**TASK BRIEF**
What is needed is an exact copy of every entry below, minus the images.

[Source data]
# # # # # # #
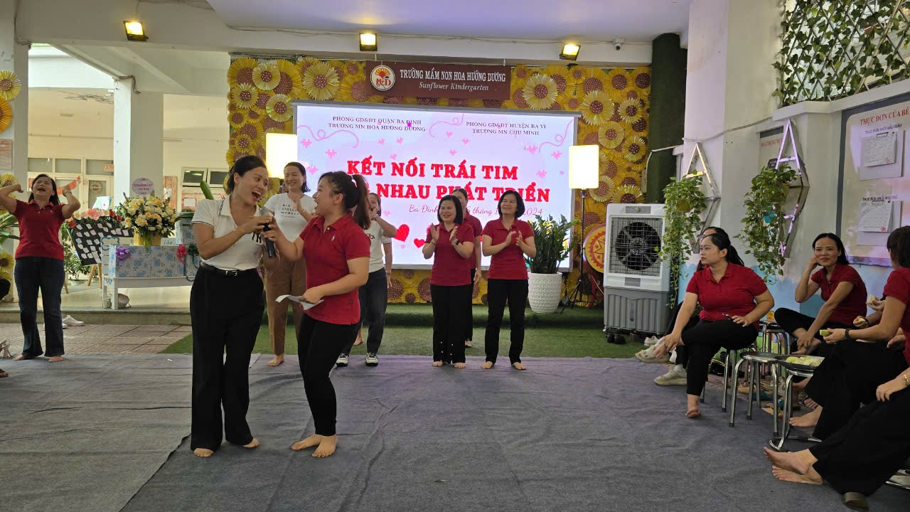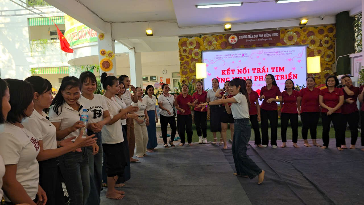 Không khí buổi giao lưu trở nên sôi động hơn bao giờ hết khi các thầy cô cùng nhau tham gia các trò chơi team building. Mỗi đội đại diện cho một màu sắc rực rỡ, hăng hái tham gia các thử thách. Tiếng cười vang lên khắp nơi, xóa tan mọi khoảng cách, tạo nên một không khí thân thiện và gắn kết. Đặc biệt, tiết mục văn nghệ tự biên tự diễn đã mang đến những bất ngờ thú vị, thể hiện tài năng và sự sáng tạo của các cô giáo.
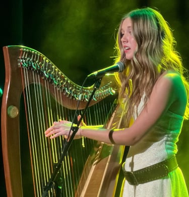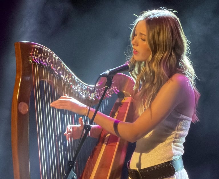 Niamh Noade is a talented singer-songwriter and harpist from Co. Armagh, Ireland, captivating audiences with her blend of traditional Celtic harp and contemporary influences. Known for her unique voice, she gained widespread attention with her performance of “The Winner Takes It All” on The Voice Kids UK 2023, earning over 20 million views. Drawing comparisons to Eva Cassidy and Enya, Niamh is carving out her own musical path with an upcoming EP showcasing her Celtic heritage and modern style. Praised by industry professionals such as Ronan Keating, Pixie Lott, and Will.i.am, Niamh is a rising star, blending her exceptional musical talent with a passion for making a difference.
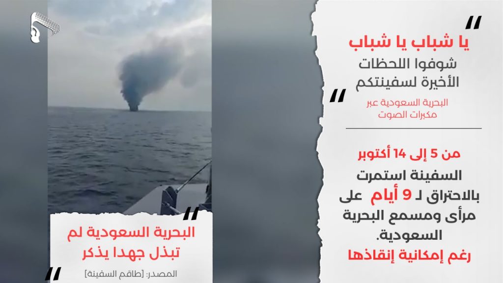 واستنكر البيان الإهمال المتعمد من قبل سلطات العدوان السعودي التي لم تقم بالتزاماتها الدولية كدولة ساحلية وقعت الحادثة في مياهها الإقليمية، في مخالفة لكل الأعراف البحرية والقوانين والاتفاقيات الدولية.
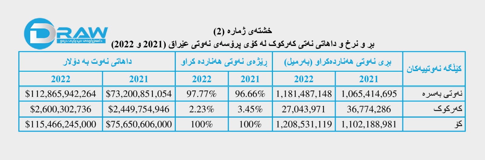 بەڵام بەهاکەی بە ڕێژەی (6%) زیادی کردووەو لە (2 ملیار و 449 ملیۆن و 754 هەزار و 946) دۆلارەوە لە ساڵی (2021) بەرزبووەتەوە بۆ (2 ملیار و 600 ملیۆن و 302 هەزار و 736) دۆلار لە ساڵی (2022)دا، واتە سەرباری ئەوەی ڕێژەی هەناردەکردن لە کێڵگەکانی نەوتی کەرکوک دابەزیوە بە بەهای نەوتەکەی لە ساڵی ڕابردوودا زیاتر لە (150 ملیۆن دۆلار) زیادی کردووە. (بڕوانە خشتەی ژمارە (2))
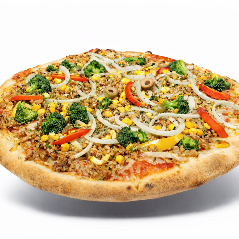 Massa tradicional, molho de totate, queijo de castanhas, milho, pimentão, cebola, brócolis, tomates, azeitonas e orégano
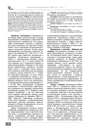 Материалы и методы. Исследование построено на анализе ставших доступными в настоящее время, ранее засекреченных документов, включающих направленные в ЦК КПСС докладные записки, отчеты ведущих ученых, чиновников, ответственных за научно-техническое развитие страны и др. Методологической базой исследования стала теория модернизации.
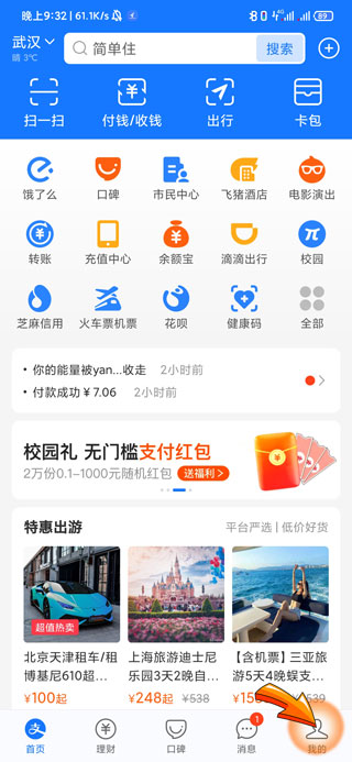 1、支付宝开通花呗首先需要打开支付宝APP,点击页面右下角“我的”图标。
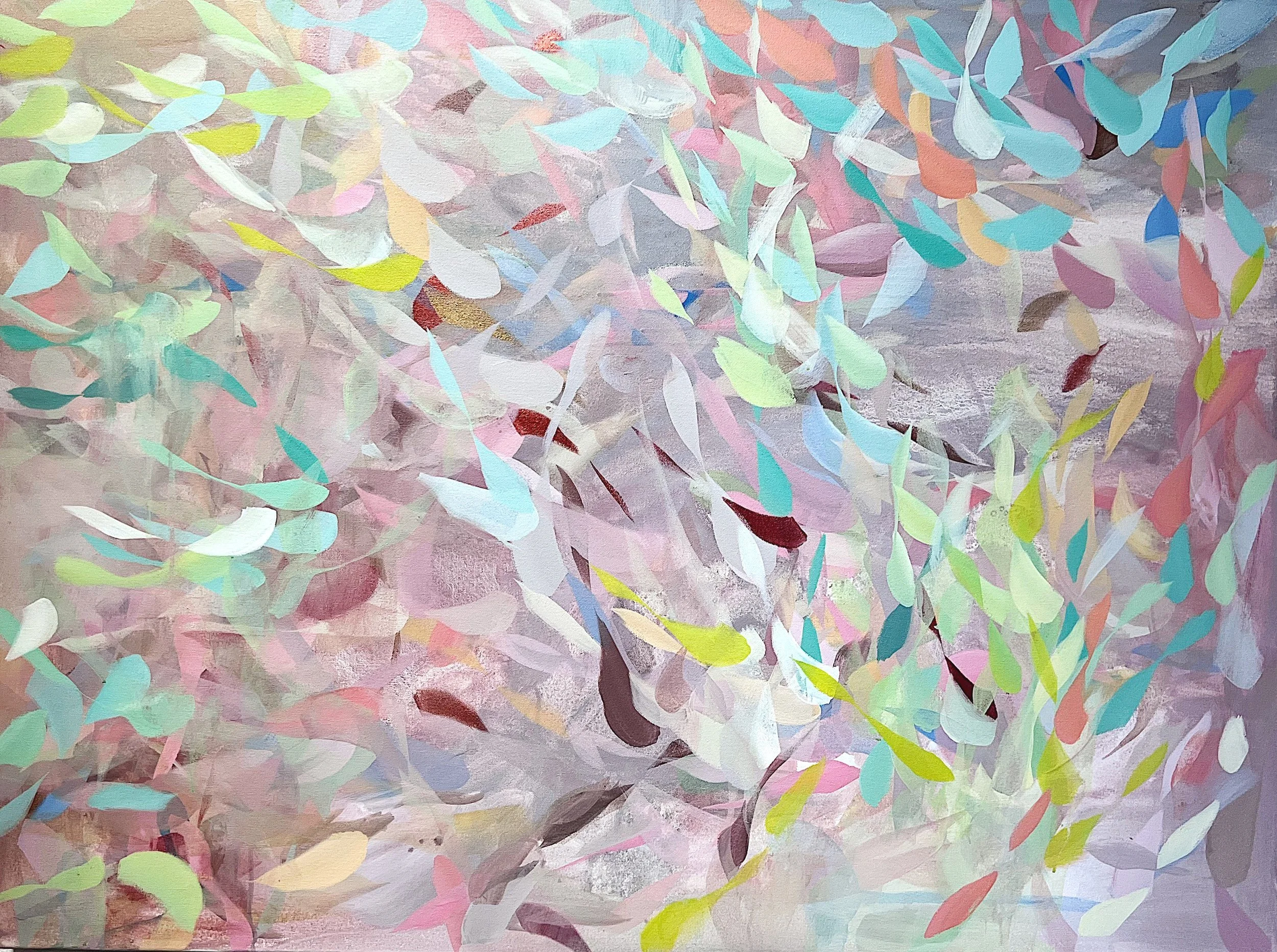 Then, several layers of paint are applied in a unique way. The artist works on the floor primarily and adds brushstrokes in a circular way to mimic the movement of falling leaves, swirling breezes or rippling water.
# # # # # # #
**RESULT FOR THIS EXERCISE**
 Không khí buổi giao lưu trở nên sôi động hơn bao giờ hết khi các thầy cô cùng nhau tham gia các trò chơi team building. Mỗi đội đại diện cho một màu sắc rực rỡ, hăng hái tham gia các thử thách. Tiếng cười vang lên khắp nơi, xóa tan mọi khoảng cách, tạo nên một không khí thân thiện và gắn kết. Đặc biệt, tiết mục văn nghệ tự biên tự diễn đã mang đến những bất ngờ thú vị, thể hiện tài năng và sự sáng tạo của các cô giáo.
 Niamh Noade is a talented singer-songwriter and harpist from Co. Armagh, Ireland, captivating audiences with her blend of traditional Celtic harp and contemporary influences. Known for her unique voice, she gained widespread attention with her performance of “The Winner Takes It All” on The Voice Kids UK 2023, earning over 20 million views. Drawing comparisons to Eva Cassidy and Enya, Niamh is carving out her own musical path with an upcoming EP showcasing her Celtic heritage and modern style. Praised by industry professionals such as Ronan Keating, Pixie Lott, and Will.i.am, Niamh is a rising star, blending her exceptional musical talent with a passion for making a difference.
 واستنكر البيان الإهمال المتعمد من قبل سلطات العدوان السعودي التي لم تقم بالتزاماتها الدولية كدولة ساحلية وقعت الحادثة في مياهها الإقليمية، في مخالفة لكل الأعراف البحرية والقوانين والاتفاقيات الدولية.
 بەڵام بەهاکەی بە ڕێژەی (6%) زیادی کردووەو لە (2 ملیار و 449 ملیۆن و 754 هەزار و 946) دۆلارەوە لە ساڵی (2021) بەرزبووەتەوە بۆ (2 ملیار و 600 ملیۆن و 302 هەزار و 736) دۆلار لە ساڵی (2022)دا، واتە سەرباری ئەوەی ڕێژەی هەناردەکردن لە کێڵگەکانی نەوتی کەرکوک دابەزیوە بە بەهای نەوتەکەی لە ساڵی ڕابردوودا زیاتر لە (150 ملیۆن دۆلار) زیادی کردووە. (بڕوانە خشتەی ژمارە (2))
 Massa tradicional, molho de totate, queijo de castanhas, milho, pimentão, cebola, brócolis, tomates, azeitonas e orégano
 Материалы и методы. Исследование построено на анализе ставших доступными в настоящее время, ранее засекреченных документов, включающих направленные в ЦК КПСС докладные записки, отчеты ведущих ученых, чиновников, ответственных за научно-техническое развитие страны и др. Методологической базой исследования стала теория модернизации.
 1、支付宝开通花呗首先需要打开支付宝APP,点击页面右下角“我的”图标。
 Then, several layers of paint are applied in a unique way. The artist works on the floor primarily and adds brushstrokes in a circular way to mimic the movement of falling leaves, swirling breezes or rippling water.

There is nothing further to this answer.